- **ASSIGNED TASK**: Give an exact reproduction of the lines from the one with "Двухэтажные нары. Говорят, в" to the final line of the entries below, both ends included, and omit the pictures.

Records excerpted from a collection:
========
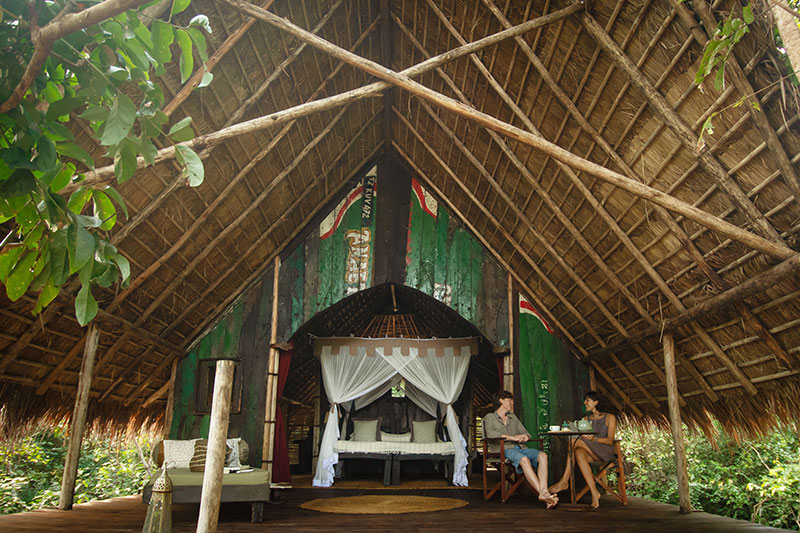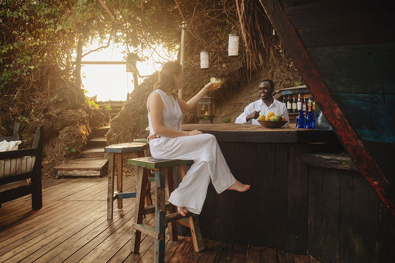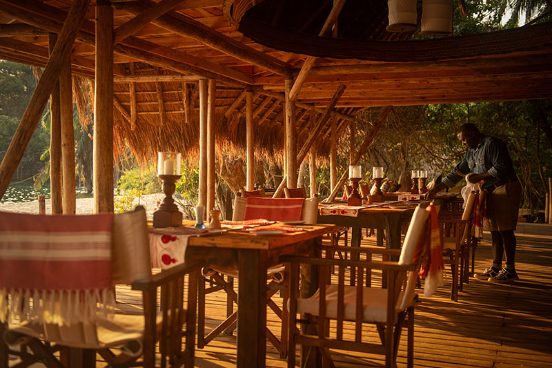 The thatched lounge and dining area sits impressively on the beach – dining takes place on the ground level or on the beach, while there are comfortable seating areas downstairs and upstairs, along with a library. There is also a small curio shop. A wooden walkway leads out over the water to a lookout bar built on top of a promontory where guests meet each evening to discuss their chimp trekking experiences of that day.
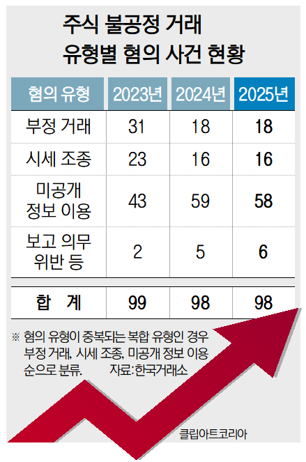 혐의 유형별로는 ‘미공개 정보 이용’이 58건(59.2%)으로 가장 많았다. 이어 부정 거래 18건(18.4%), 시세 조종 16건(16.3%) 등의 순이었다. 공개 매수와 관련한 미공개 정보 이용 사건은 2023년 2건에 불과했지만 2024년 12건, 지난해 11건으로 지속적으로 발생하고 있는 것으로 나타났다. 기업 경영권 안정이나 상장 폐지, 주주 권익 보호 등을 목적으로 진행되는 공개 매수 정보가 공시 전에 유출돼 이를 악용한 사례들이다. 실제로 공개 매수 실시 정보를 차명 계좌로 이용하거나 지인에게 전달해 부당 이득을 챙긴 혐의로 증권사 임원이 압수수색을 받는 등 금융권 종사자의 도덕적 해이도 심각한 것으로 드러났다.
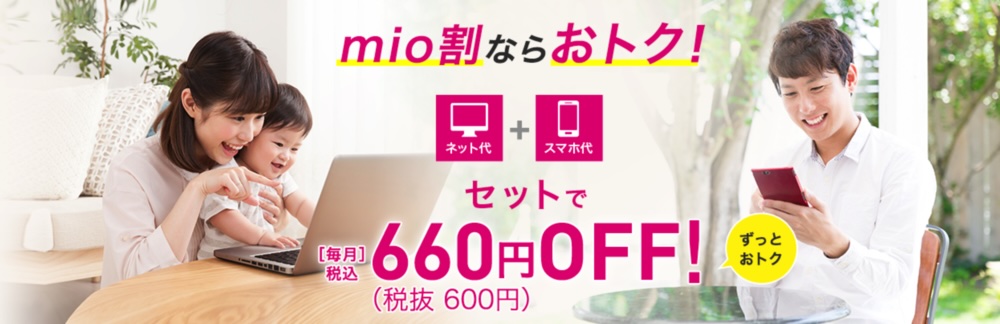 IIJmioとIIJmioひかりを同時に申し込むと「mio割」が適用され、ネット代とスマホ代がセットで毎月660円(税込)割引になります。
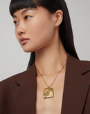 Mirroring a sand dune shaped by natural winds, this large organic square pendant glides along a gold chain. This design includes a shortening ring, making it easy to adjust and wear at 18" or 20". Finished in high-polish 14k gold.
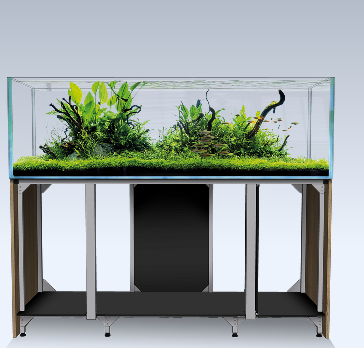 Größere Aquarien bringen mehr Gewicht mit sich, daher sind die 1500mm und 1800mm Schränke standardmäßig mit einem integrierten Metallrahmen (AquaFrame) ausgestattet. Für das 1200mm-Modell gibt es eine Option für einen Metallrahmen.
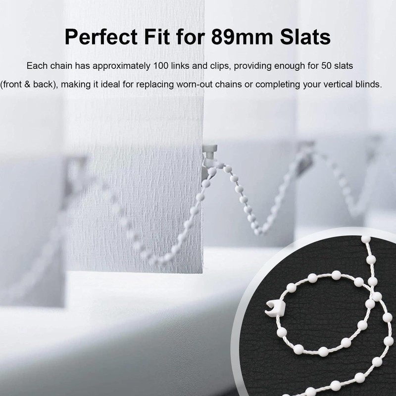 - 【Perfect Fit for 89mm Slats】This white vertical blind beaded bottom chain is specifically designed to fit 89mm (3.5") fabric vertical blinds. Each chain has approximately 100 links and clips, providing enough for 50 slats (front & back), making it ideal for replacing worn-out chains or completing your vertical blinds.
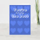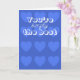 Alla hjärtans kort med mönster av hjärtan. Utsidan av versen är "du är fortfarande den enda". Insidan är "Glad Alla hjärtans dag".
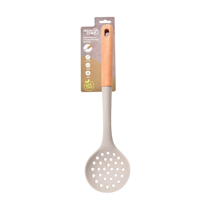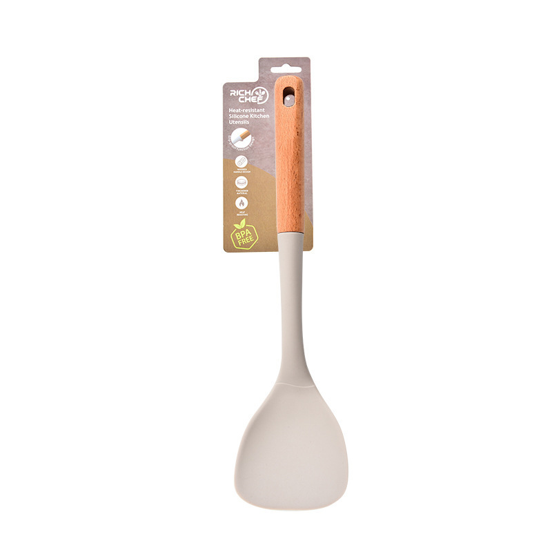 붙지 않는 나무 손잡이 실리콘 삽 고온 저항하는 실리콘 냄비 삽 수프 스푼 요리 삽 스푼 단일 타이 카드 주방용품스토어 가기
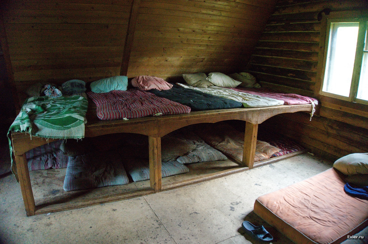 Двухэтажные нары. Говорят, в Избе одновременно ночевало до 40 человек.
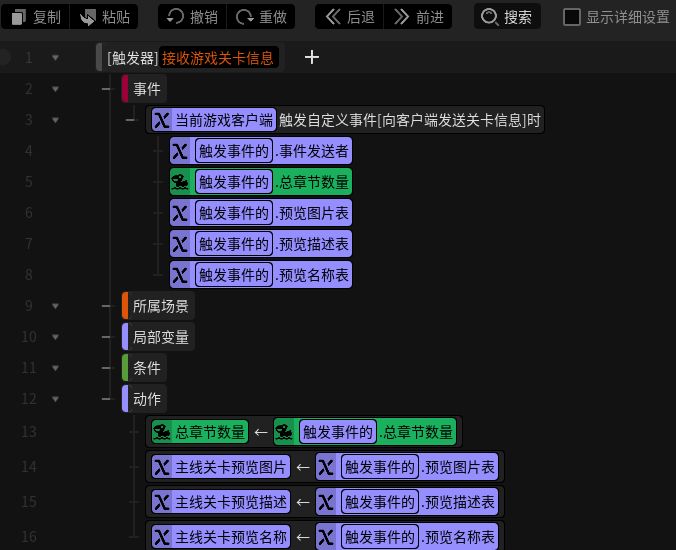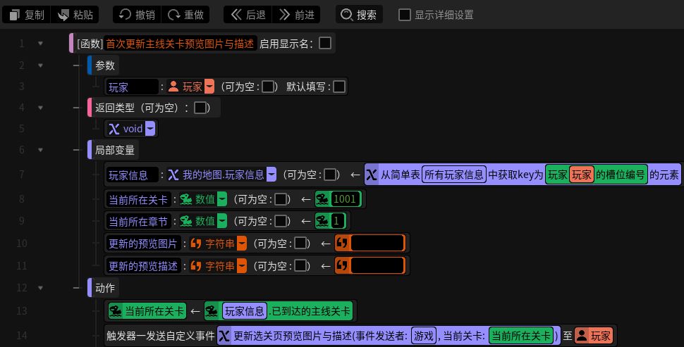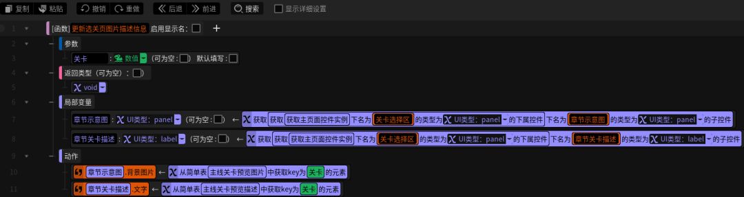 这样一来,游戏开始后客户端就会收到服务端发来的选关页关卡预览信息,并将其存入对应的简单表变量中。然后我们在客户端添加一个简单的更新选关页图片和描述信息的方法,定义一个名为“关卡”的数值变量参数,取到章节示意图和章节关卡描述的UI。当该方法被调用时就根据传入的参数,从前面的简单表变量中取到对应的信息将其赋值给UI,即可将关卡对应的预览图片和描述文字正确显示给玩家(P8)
========
- **RESPONSE FOR THIS EXERCISE**:
 Двухэтажные нары. Говорят, в Избе одновременно ночевало до 40 человек.
 这样一来,游戏开始后客户端就会收到服务端发来的选关页关卡预览信息,并将其存入对应的简单表变量中。然后我们在客户端添加一个简单的更新选关页图片和描述信息的方法,定义一个名为“关卡”的数值变量参数,取到章节示意图和章节关卡描述的UI。当该方法被调用时就根据传入的参数,从前面的简单表变量中取到对应的信息将其赋值给UI,即可将关卡对应的预览图片和描述文字正确显示给玩家(P8)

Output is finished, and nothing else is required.